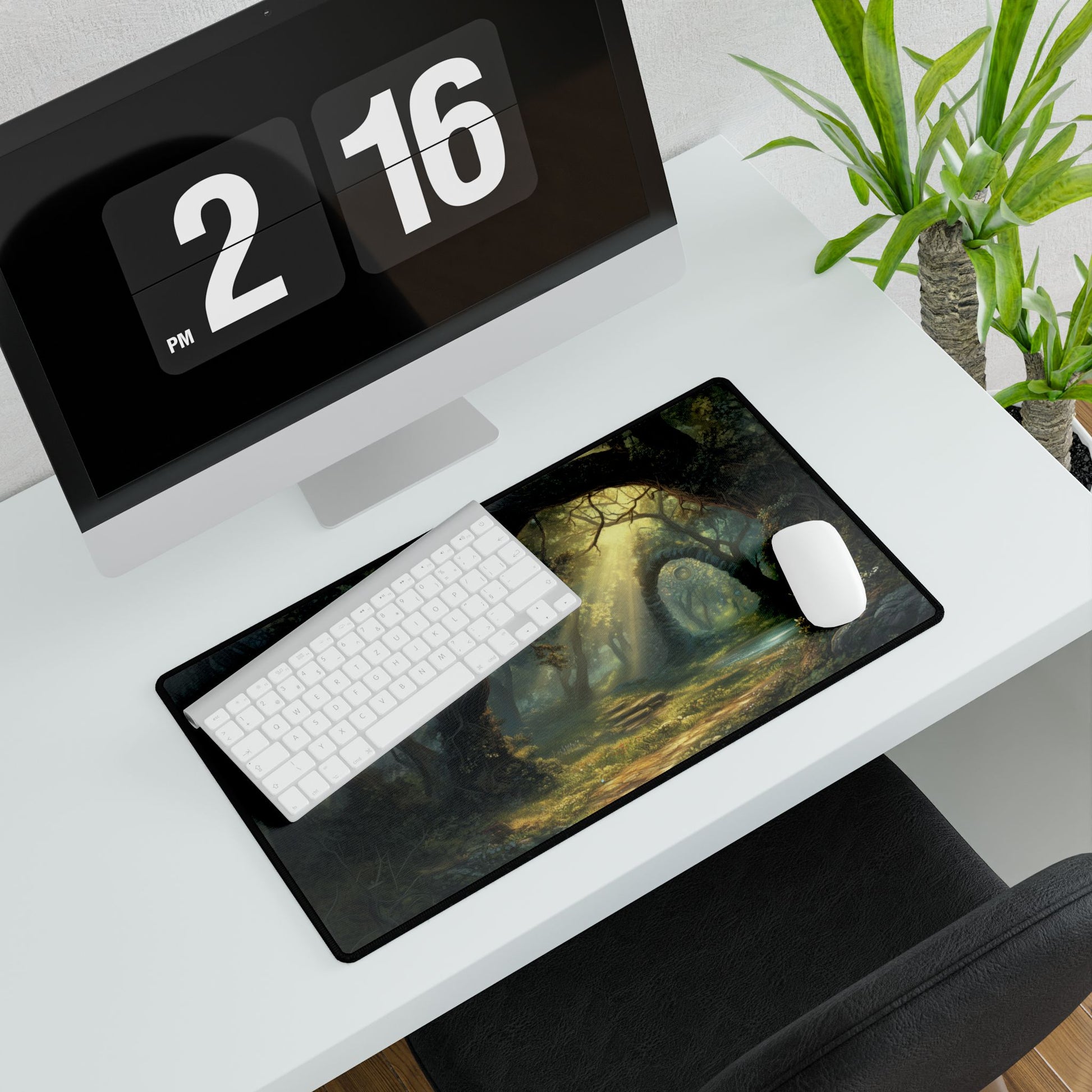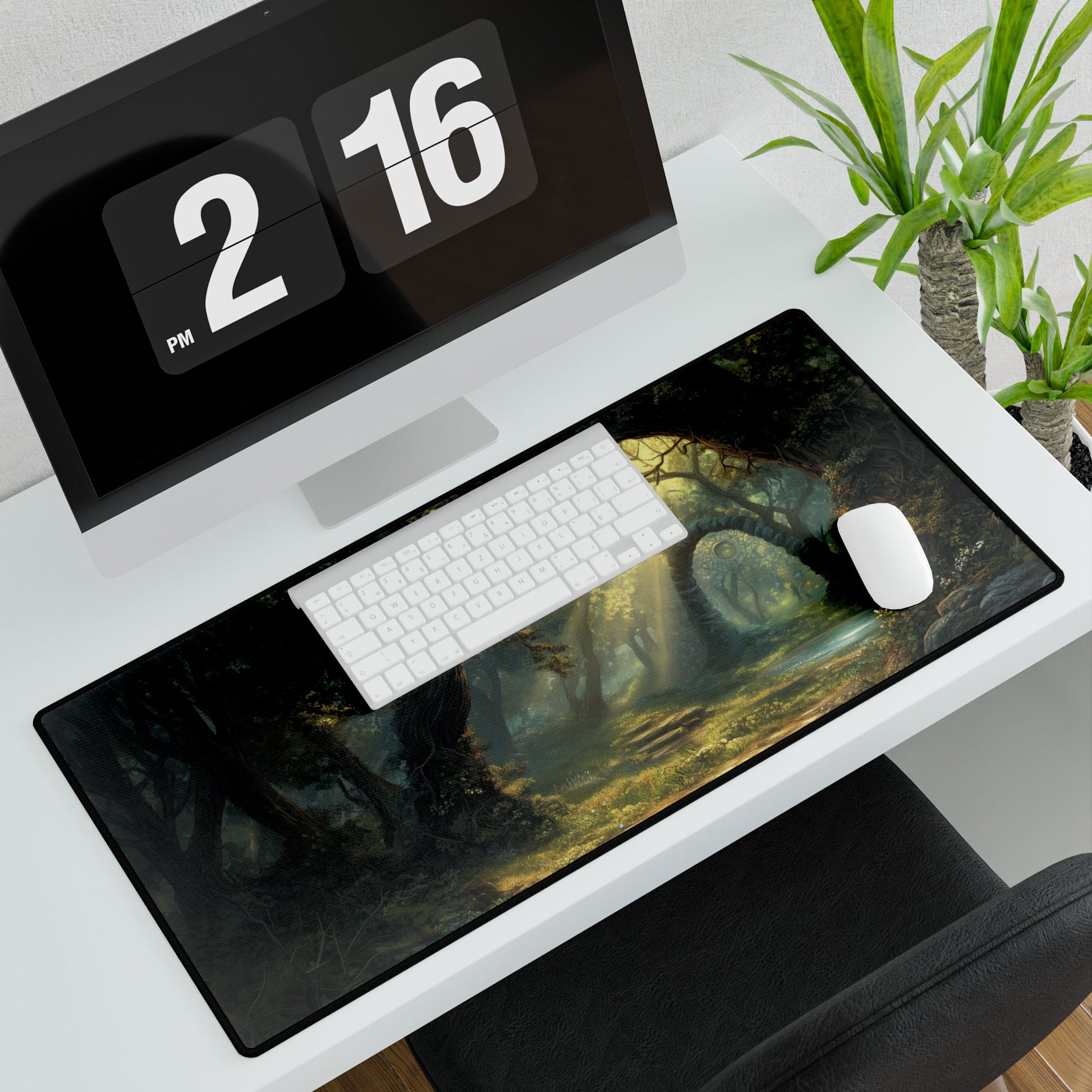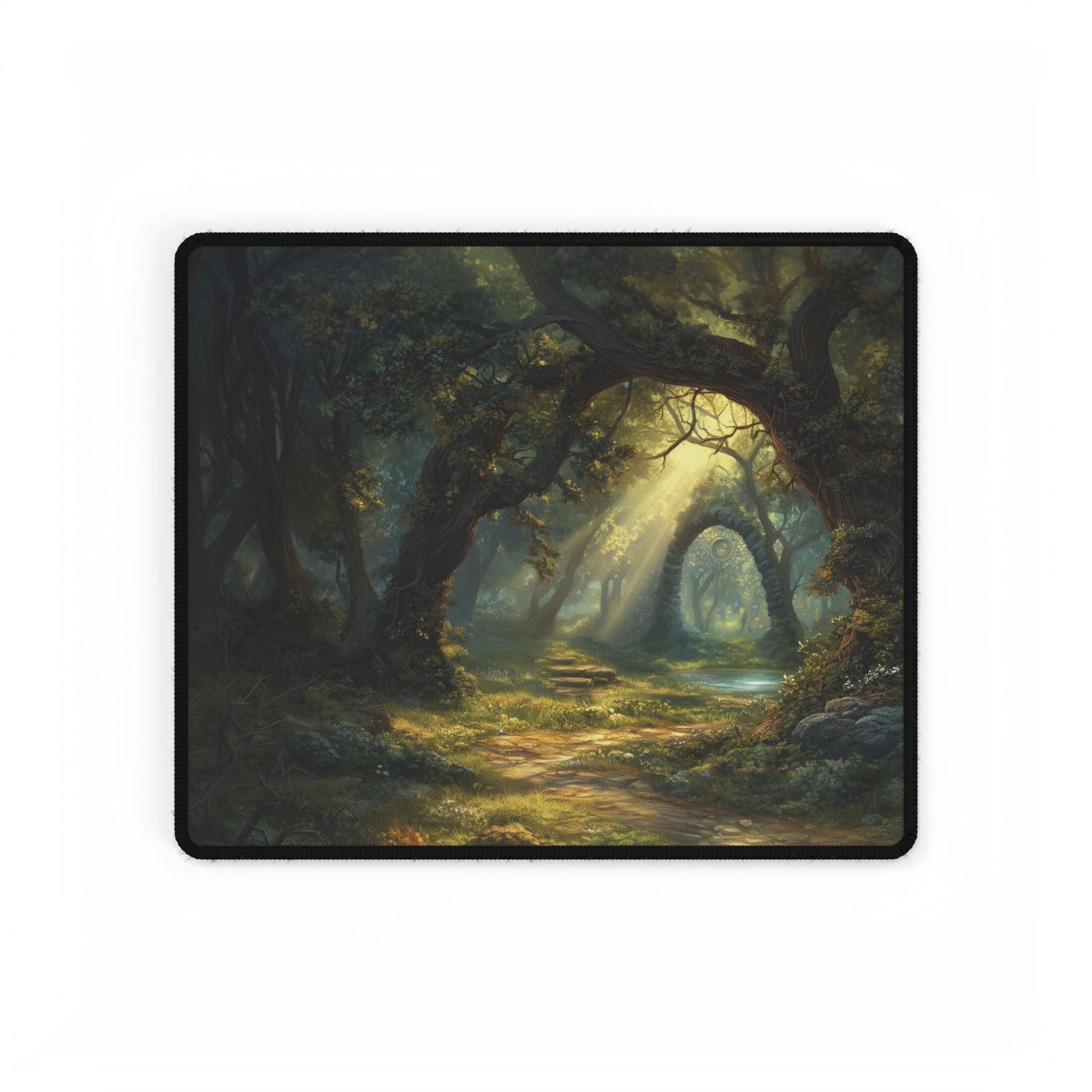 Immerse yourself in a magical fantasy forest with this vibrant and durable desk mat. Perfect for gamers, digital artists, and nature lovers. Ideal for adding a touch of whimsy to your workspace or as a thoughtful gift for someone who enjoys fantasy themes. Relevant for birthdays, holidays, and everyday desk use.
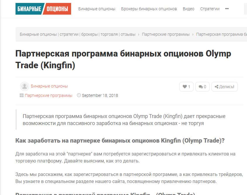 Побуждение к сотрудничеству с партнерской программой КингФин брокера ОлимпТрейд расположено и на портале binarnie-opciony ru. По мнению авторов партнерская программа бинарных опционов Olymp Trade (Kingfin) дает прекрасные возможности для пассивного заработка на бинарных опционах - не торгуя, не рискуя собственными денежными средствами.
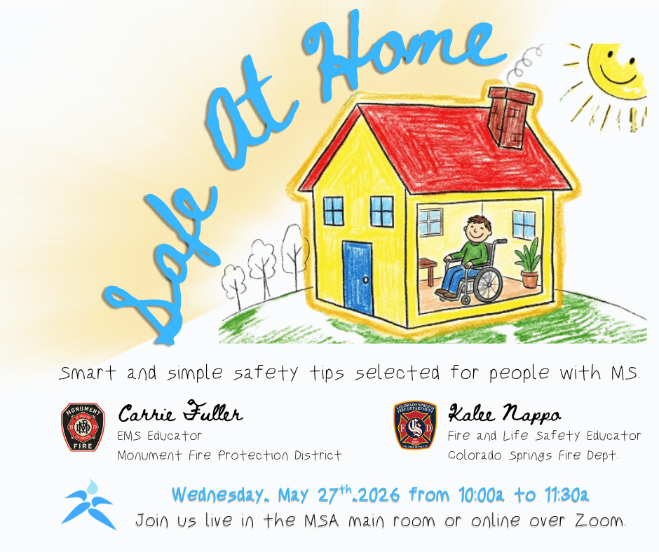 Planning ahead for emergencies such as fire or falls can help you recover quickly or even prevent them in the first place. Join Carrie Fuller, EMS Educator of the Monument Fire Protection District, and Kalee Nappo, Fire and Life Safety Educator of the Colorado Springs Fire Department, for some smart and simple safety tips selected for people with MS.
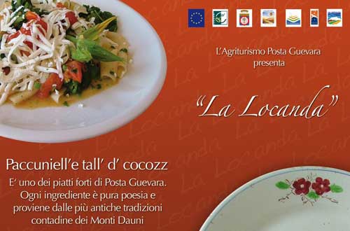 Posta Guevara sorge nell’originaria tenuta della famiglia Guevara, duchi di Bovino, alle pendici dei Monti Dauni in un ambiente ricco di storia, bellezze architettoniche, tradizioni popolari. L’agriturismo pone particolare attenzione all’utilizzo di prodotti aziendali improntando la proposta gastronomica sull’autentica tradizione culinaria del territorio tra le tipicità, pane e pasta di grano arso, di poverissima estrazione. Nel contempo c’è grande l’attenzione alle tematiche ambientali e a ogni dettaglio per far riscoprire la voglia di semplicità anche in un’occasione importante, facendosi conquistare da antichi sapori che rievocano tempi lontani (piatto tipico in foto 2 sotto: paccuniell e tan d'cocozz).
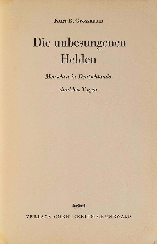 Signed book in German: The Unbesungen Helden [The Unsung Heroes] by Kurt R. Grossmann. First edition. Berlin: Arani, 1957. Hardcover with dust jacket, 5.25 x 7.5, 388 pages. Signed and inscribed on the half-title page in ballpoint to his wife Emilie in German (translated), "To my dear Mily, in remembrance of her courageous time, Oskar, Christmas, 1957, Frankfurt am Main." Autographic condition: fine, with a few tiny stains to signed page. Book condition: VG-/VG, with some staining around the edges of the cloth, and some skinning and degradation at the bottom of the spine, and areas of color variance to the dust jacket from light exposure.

★ ★ ★

[What to do]: Copy out every line of the data above, taking care to leave the pictures out.

[Written solution]:
 Immerse yourself in a magical fantasy forest with this vibrant and durable desk mat. Perfect for gamers, digital artists, and nature lovers. Ideal for adding a touch of whimsy to your workspace or as a thoughtful gift for someone who enjoys fantasy themes. Relevant for birthdays, holidays, and everyday desk use.
 Побуждение к сотрудничеству с партнерской программой КингФин брокера ОлимпТрейд расположено и на портале binarnie-opciony ru. По мнению авторов партнерская программа бинарных опционов Olymp Trade (Kingfin) дает прекрасные возможности для пассивного заработка на бинарных опционах - не торгуя, не рискуя собственными денежными средствами.
 Planning ahead for emergencies such as fire or falls can help you recover quickly or even prevent them in the first place. Join Carrie Fuller, EMS Educator of the Monument Fire Protection District, and Kalee Nappo, Fire and Life Safety Educator of the Colorado Springs Fire Department, for some smart and simple safety tips selected for people with MS.
 Posta Guevara sorge nell’originaria tenuta della famiglia Guevara, duchi di Bovino, alle pendici dei Monti Dauni in un ambiente ricco di storia, bellezze architettoniche, tradizioni popolari. L’agriturismo pone particolare attenzione all’utilizzo di prodotti aziendali improntando la proposta gastronomica sull’autentica tradizione culinaria del territorio tra le tipicità, pane e pasta di grano arso, di poverissima estrazione. Nel contempo c’è grande l’attenzione alle tematiche ambientali e a ogni dettaglio per far riscoprire la voglia di semplicità anche in un’occasione importante, facendosi conquistare da antichi sapori che rievocano tempi lontani (piatto tipico in foto 2 sotto: paccuniell e tan d'cocozz).
 Signed book in German: The Unbesungen Helden [The Unsung Heroes] by Kurt R. Grossmann. First edition. Berlin: Arani, 1957. Hardcover with dust jacket, 5.25 x 7.5, 388 pages. Signed and inscribed on the half-title page in ballpoint to his wife Emilie in German (translated), "To my dear Mily, in remembrance of her courageous time, Oskar, Christmas, 1957, Frankfurt am Main." Autographic condition: fine, with a few tiny stains to signed page. Book condition: VG-/VG, with some staining around the edges of the cloth, and some skinning and degradation at the bottom of the spine, and areas of color variance to the dust jacket from light exposure.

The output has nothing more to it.